Domestic team information
- 1894–1898: Warwickshire
- 1903: Staffordshire

Career statistics
| Competition | First-class |
| Matches | 77 |
| Runs scored | 929 |
| Batting average | 11.19 |
| 100s/50s | –/2 |
| Top score | 55* |
| Balls bowled | 16,459 |
| Wickets | 305 |
| Bowling average | 21.57 |
| 5 wickets in innings | 21 |
| 10 wickets in match | 7 |
| Best bowling | 9/55 |
| Catches/stumpings | 21/– |
- Source: Cricinfo, 25 March 2019

= Henry Pallett =

English cricketer

Henry James Pallett (2 January 1863 – 18 June 1917) was an English cricketer who played first-class cricket between 1886 and 1898, principally for Warwickshire. He was born in Birchfield, then in Staffordshire, and died at Aston, Birmingham.

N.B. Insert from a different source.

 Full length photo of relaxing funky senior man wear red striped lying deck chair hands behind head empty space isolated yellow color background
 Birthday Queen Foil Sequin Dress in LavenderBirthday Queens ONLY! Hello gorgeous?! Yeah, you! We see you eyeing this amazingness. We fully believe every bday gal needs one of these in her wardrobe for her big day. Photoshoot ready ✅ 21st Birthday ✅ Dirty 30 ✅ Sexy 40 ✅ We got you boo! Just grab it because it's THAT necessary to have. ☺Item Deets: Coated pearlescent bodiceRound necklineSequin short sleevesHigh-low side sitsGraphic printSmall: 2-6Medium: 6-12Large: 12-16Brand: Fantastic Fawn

Pallett was a right-handed lower-order batsman, though early in his career he batted higher up the batting order, and a right-arm slow bowler. Prominent in Birmingham area club cricket, he played for Warwickshire from 1883, though the county's games were not considered first-class until 1894, and the team was not included in the County Championship until 1895. At the end of the 1886 season, he was picked for a non-Test match England XI to play the Australian touring team under the captaincy of W. G. Grace and this game was his first-class cricket debut. He then played for the North against the 1890 Australians, in the 1891 North v South match, and for a team representing "Second-Class Counties" against the 1893 Australians: in none of these matches did he make much impact with either bat or ball.

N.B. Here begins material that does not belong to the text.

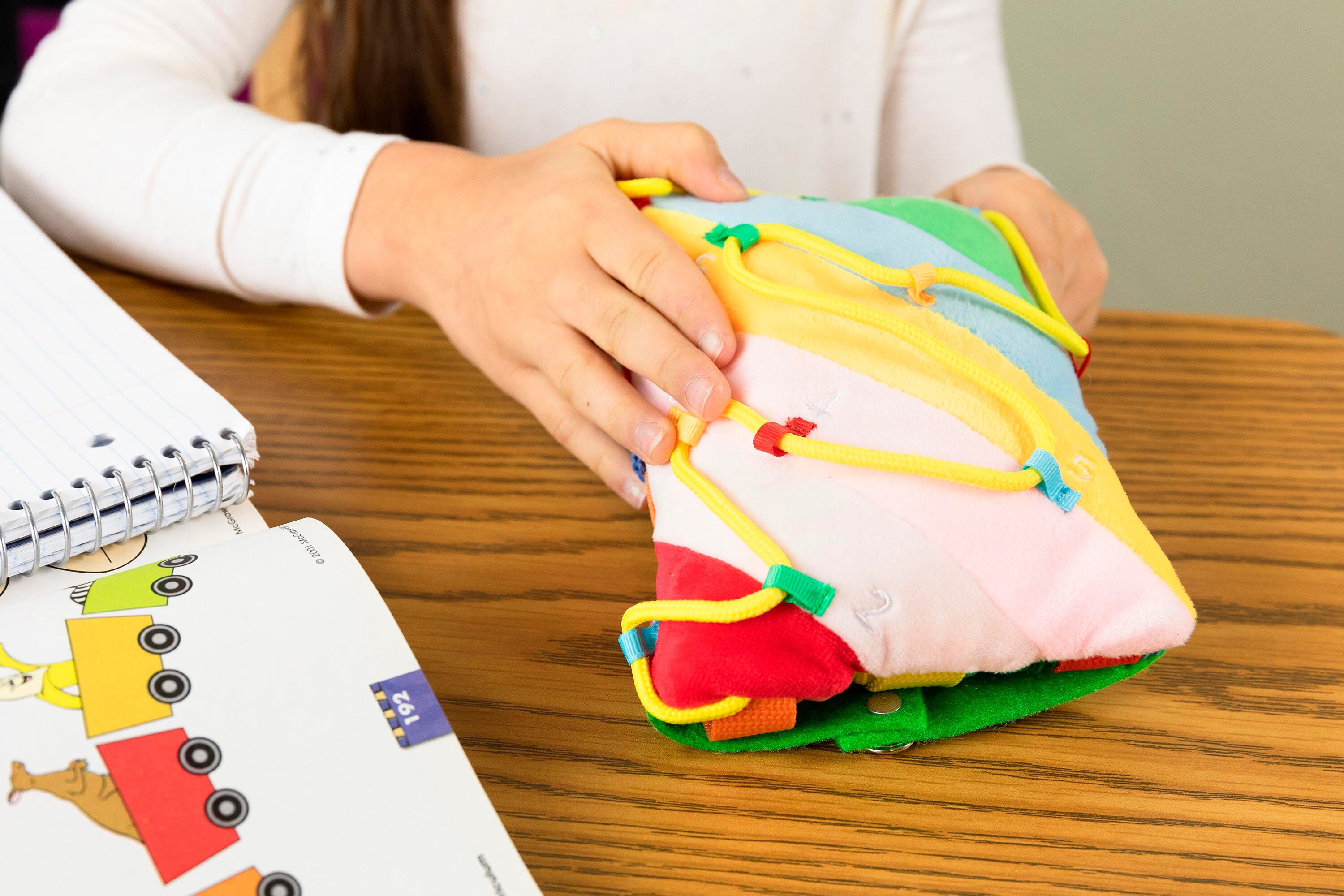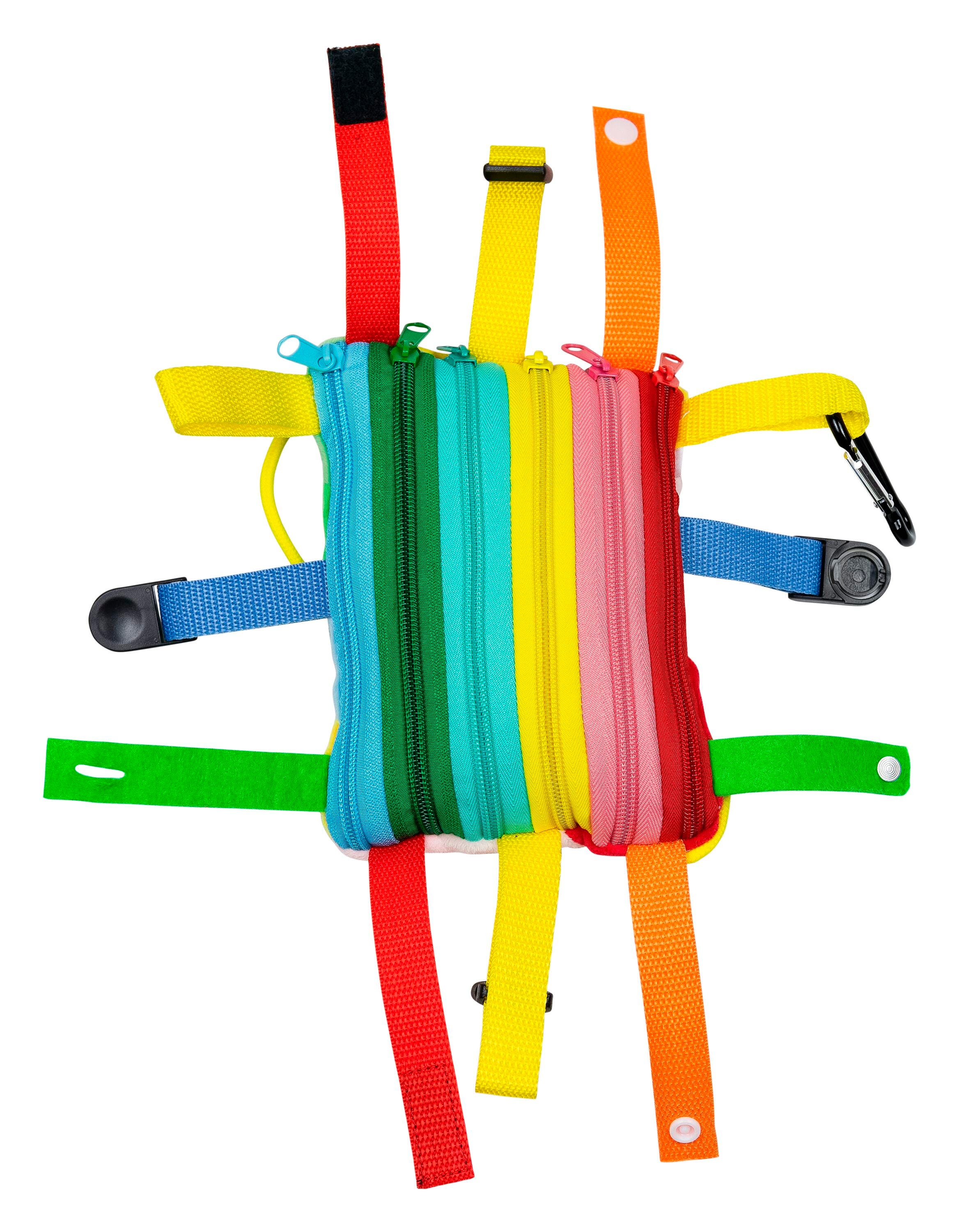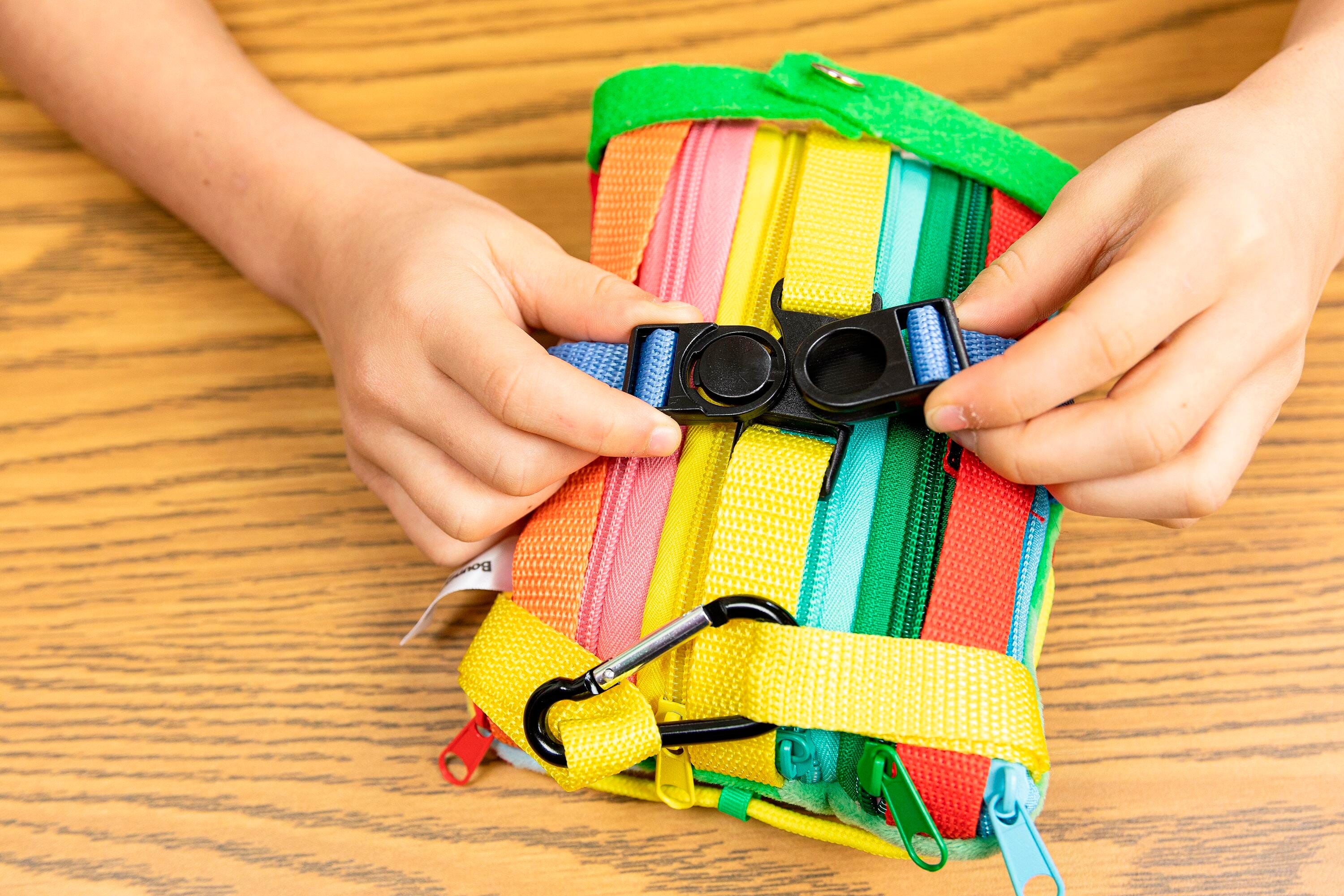 The Thingamajig actively engages children in tactile exploration through their natural fascination with zippers, buttons, snaps, and colors.

In 1894, Warwickshire's matches against first-class teams were deemed also to be first-class, and Pallett played 15 matches that year, with outstanding success: he took 79 wickets at an average of 11.87 and among significant wicket-takers was behind only Test cricketers Dick Pougher and Tom Richardson in the national averages. He took five wickets in an innings 10 times and had three 10-wicket matches. His best return of the season, and of his entire first-class career, came in the match against Essex at Leyton, when he took nine first-innings wickets for 55 runs and followed that with five for 45 in the second innings for a match return of 14 for 100. He took a further 11 wickets in the return match at Edgbaston two weeks later.

The more competitive cricket that Warwickshire's entry into the County Championship in 1895 brought had some impact on Pallett's bowling figures, but with 95 wickets at an average of 21.49 he was the team's leading wicket-taker and second only to the irregular bowler Alfred Glover in terms of average. His best bowling came in an early-season game against Derbyshire, when he took eight first-innings wickets for 69 runs, and these were the best Championship figures he achieved in his career. He was less effective in 1896, when his 74 wickets cost more than 25 runs apiece, and even less so in 1897, with a poor return of 44 wickets costing more than 33 runs each. In these seasons, however, his batting improved and he made two scores of 55, the first of them, against Surrey in 1896, being not out and therefore counting as his highest first-class score.

After a few games in 1898, he disappeared from first-class cricket, although he played in a few Minor Counties matches for Staffordshire in 1903. By profession, he was a schoolmaster.